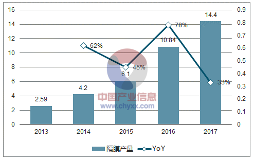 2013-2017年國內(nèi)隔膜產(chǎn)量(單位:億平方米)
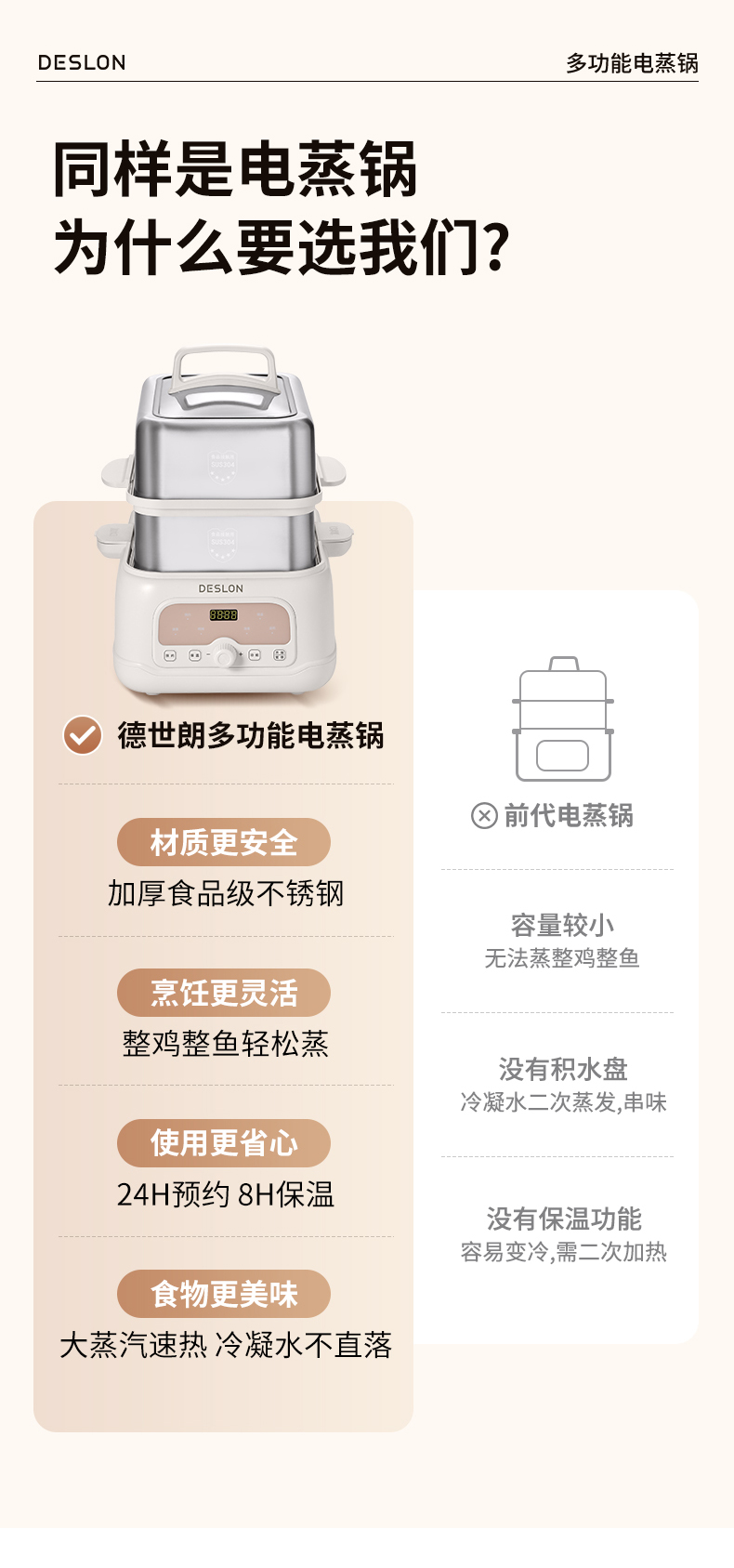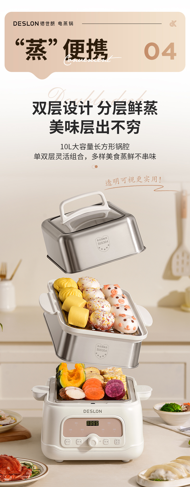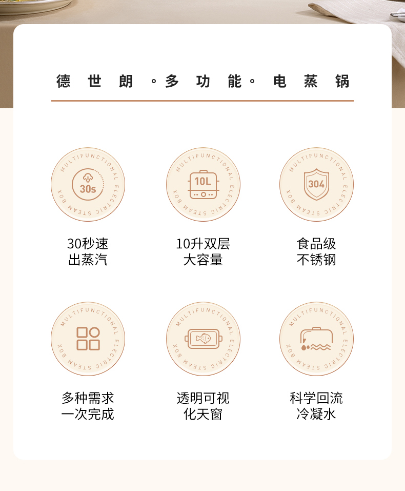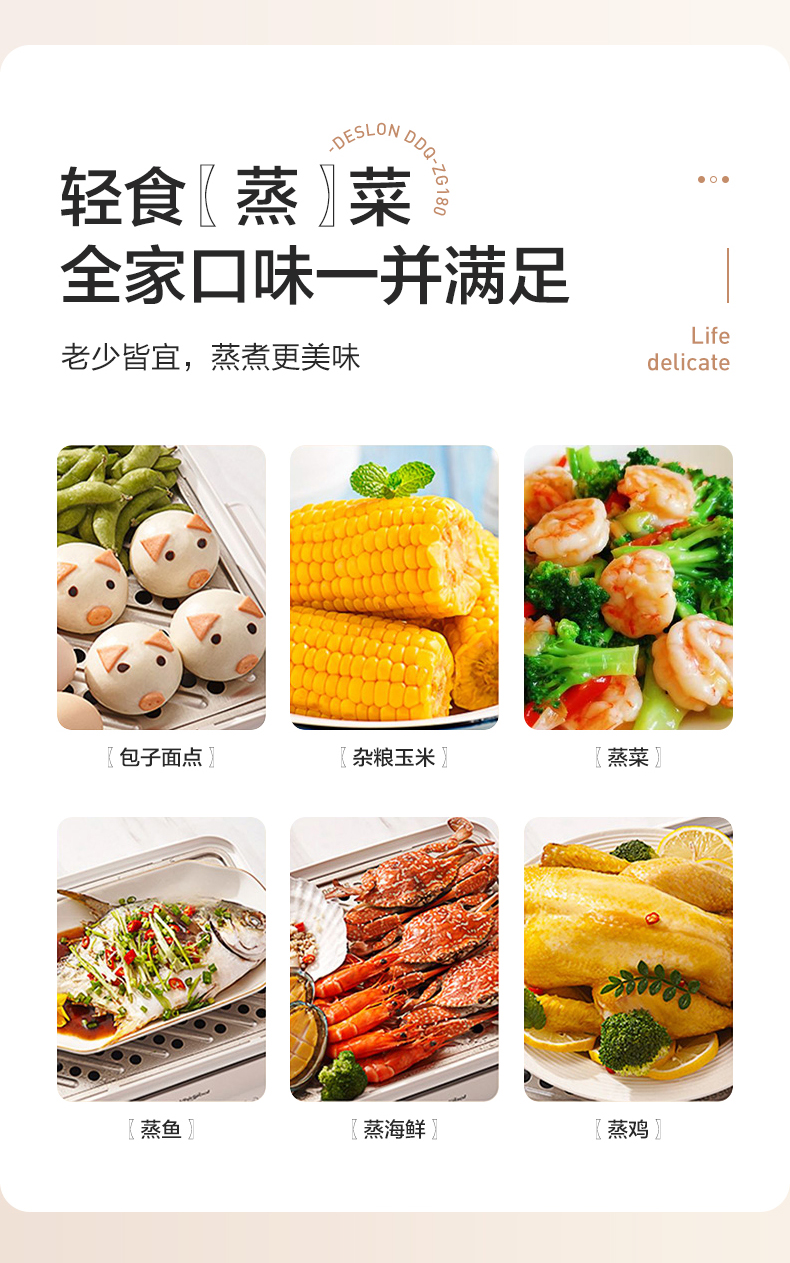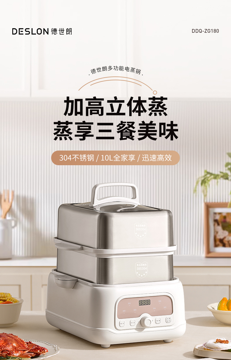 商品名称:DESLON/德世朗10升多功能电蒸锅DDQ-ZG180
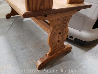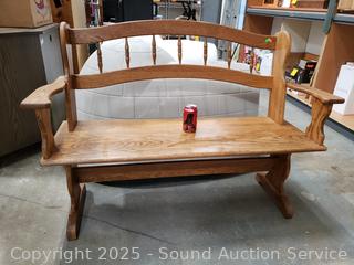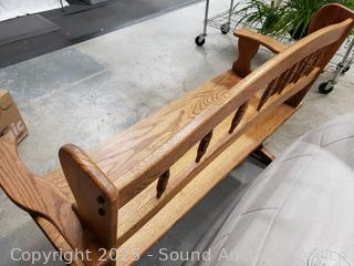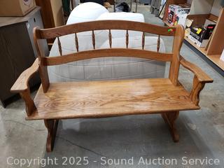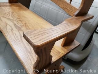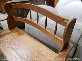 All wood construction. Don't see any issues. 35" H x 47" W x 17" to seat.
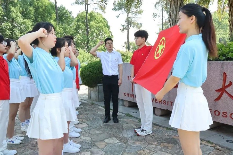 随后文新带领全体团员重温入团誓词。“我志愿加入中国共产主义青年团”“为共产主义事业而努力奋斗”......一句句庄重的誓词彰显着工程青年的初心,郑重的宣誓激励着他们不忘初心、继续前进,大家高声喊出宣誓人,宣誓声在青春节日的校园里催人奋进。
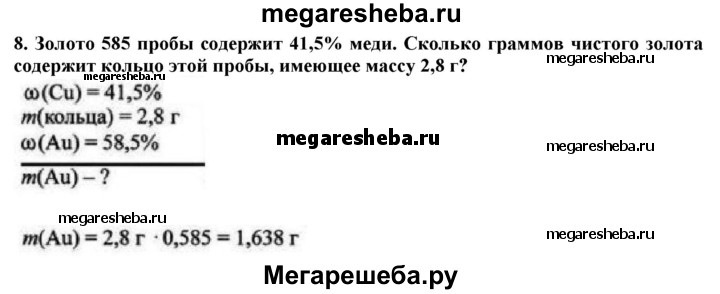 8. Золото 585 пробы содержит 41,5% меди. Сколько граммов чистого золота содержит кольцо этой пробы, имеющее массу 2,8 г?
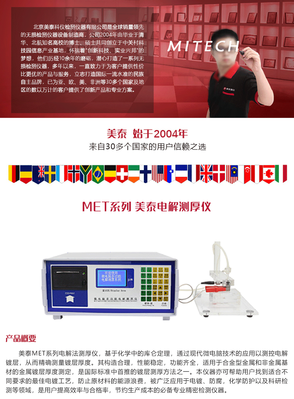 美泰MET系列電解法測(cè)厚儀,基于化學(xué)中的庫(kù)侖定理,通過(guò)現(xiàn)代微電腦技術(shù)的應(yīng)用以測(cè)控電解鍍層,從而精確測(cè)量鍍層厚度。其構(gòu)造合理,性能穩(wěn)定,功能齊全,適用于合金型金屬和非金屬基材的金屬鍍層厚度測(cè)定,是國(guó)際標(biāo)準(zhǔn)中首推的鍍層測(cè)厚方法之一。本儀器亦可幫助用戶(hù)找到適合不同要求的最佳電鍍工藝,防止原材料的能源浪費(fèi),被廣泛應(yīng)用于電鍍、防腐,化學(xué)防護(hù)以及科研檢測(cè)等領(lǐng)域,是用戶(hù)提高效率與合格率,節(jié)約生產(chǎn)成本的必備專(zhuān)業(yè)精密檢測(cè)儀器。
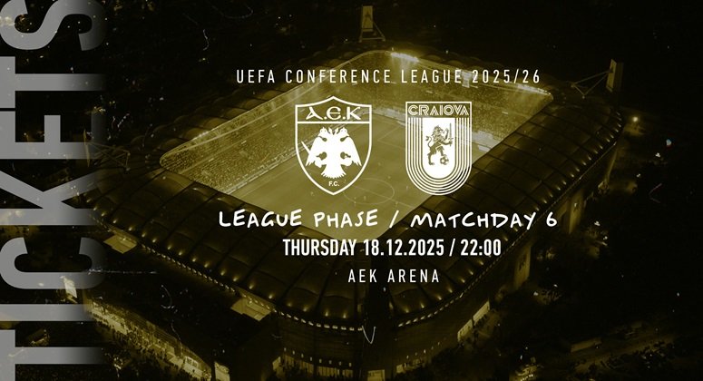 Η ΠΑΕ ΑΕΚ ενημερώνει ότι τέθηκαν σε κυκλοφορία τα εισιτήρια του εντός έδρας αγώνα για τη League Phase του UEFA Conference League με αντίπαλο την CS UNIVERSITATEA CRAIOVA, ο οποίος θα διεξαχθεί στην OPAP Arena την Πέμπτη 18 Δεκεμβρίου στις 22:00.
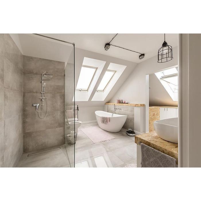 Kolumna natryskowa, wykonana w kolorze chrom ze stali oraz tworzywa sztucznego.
_ _ _ _
§ **WHAT THE TASK ASKS**
Above are the records; copy from them only the lines starting at the one containing "8. Золото 585" and ending at the one containing "美泰MET系列電解法測(cè", exactly and without pictures.

§ **RESULT OF THIS TASK**
 8. Золото 585 пробы содержит 41,5% меди. Сколько граммов чистого золота содержит кольцо этой пробы, имеющее массу 2,8 г?
 美泰MET系列電解法測(cè)厚儀,基于化學(xué)中的庫(kù)侖定理,通過(guò)現(xiàn)代微電腦技術(shù)的應(yīng)用以測(cè)控電解鍍層,從而精確測(cè)量鍍層厚度。其構(gòu)造合理,性能穩(wěn)定,功能齊全,適用于合金型金屬和非金屬基材的金屬鍍層厚度測(cè)定,是國(guó)際標(biāo)準(zhǔn)中首推的鍍層測(cè)厚方法之一。本儀器亦可幫助用戶(hù)找到適合不同要求的最佳電鍍工藝,防止原材料的能源浪費(fèi),被廣泛應(yīng)用于電鍍、防腐,化學(xué)防護(hù)以及科研檢測(cè)等領(lǐng)域,是用戶(hù)提高效率與合格率,節(jié)約生產(chǎn)成本的必備專(zhuān)業(yè)精密檢測(cè)儀器。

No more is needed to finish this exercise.